Finding My Humanity Through Grief

Allegra Acevedo
3 min readOct 15, 2020

CW: Mention of Suicide

To be human is to grieve, in the strangest ways possible. Every day we wake up one day closer to our inevitable demise. We all know it’s coming. It can’t be avoided. It’s one of the few experiences every person goes through. Rich, poor, smart, dumb — it doesn’t matter. It never matters. Death doesn’t pick favorites. It always seems to come as a shock, despite death being the only thing guaranteed in life.

Death sucks, to put it simply. And I’m not here to tell you it shouldn’t — it should. Four years ago, I lost one of my closest friends to suicide. He was 16. I’d experienced family deaths before that, unlike many of my friends, but none of them hurt like his did. It’s still a hard concept for me to process years later. I blamed myself, blamed him, blamed God, when in reality there is really no one to blame. It would be selfish of me to think that I could’ve been the one to save him. I’m not some magical healer. I can’t fix every problem. Mental illness creeps itself into all our lives, and all too often is so much more powerful than us, no matter how hard we try.

Losing him was pain I wouldn’t wish on my worst enemy. At 16, you should be exploring the world with your friends, plotting the next time you’re going to steal some of your parents’ vodka from the liquor cabinet for the woods party happening next weekend. Time continues to pass, years go by. I’m almost 20. But death is a funny thing, because all he’ll ever get to be is 16.

At the ripe age of 15, I thought I was invincible, as many high schoolers do. I brushed off emotions like they meant nothing. I refused to let a little heartbreak get in my way, thinking that having emotions meant I was weak.

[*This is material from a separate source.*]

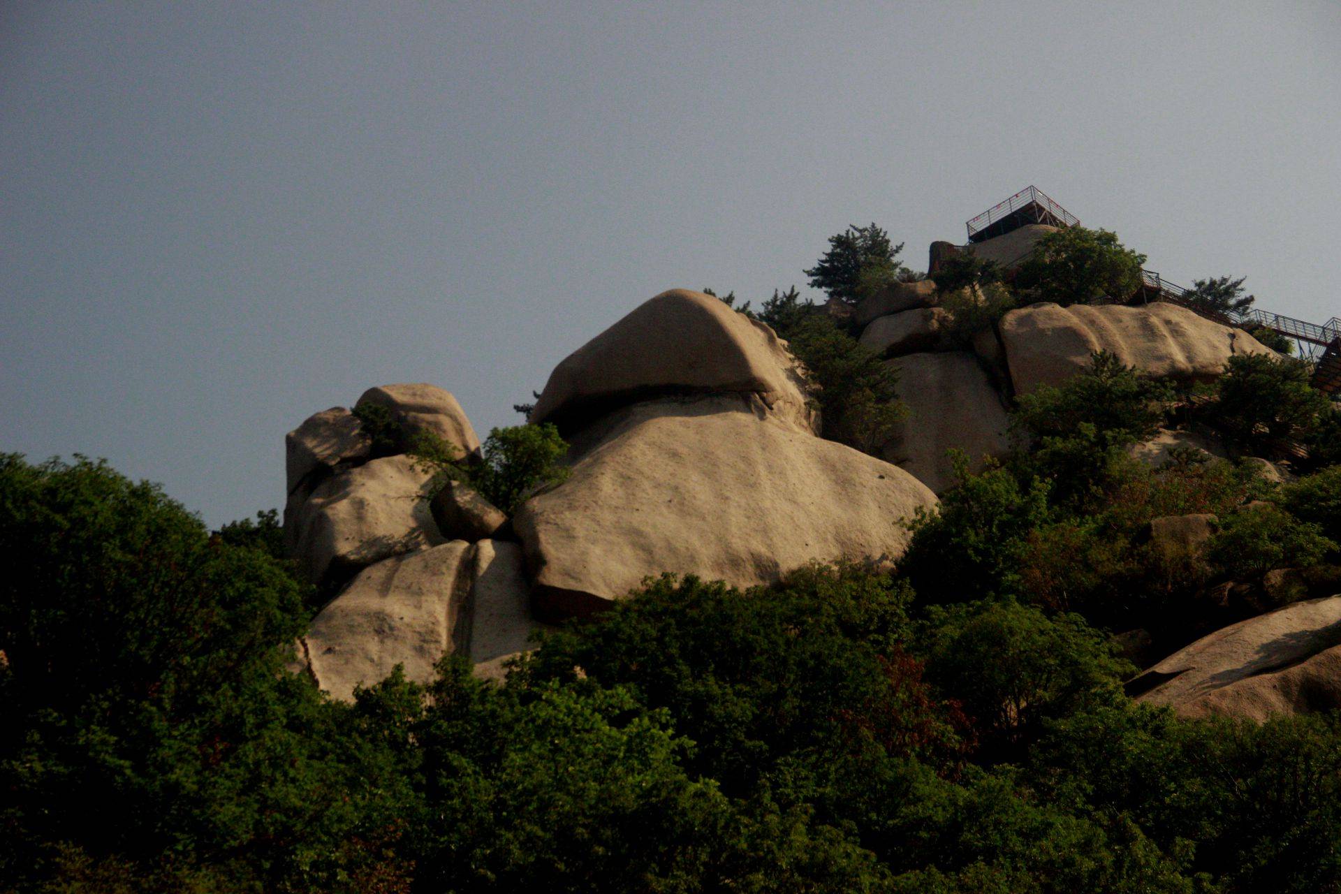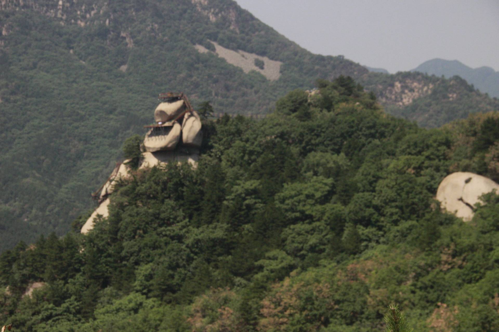 这是从远方拍摄的这里的景象,你说,惊险不?最上面那块巨石,就是“敬天石”,那尊敬天鼎 就在那上面。再问一遍,惊险不?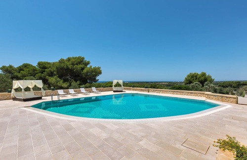 Swimming in the pool with a magnificent sea view on the background, that`s one of the advantages atPerla Bianca. The beautiful villa with pool is refined and truly ideal to spend an amazingvacation near the sea in Puglia, just a few minutes fromthe beach of Ugento and Torre San Giovanni. The luxury villa is surrounded by nature, the plants, ancient olive trees and the mediterranean scrublands. It`s equipped with the most modern accessories and offers accommodation to groups of family and friendsup to 12 people.

And then the reality check came. It was Martin Luther King, Jr. Day. I was off from school, tired from a busy weekend filled with Sweet Sixteens. I grouchily agreed to stop at CVS with my mom before our shopping endeavors. My phone rang and I picked it up without hesitation, as I normally would when my best friend called. She could barely get a word out. We had just finished midterms, so, in all honesty, my initial thoughts were, “Ah grades must’ve been posted.” But then I heard it. She was saying his name. My heart sank. She didn’t even need to get all the words out; I knew exactly what she was trying to tell me.

The second I understood what she was telling me I started laughing. Uncontrollably. Not because it was funny (it was faaaar from it), but because I had no idea what all these emotions were that I was feeling. I couldn’t place what the feeling of immediate darkness was running through my body. I couldn’t process my heart breaking as she continued sobbing over the phone. I didn’t know what it was. I never let myself feel it before. I felt like I was being tickled from all directions without end. I had deprived myself of my own humanity for so long, emotions felt hilarious.

Every death I hear about brings me back to this exact moment — when I realized that, despite how hard I might’ve tried to avoid it, I was only human. It hurts realizing that you’re really just like everyone else, but that’s the beauty of it all. Death forces you to feel it all, whether you want to or not. My advice is to let it. Refuse to believe it at first. Beg the universe for one last day. Tell God you’ll actually start that essay due next week if He brings them back. Get angry. Throw things. Punch a wall or two. Cry for hours on end. Oversleep your alarm. Lie to your boss and tell him you’re sick just to get a day off. Feel it. Feel it all without regret. Let it make you human. Grief always makes you human.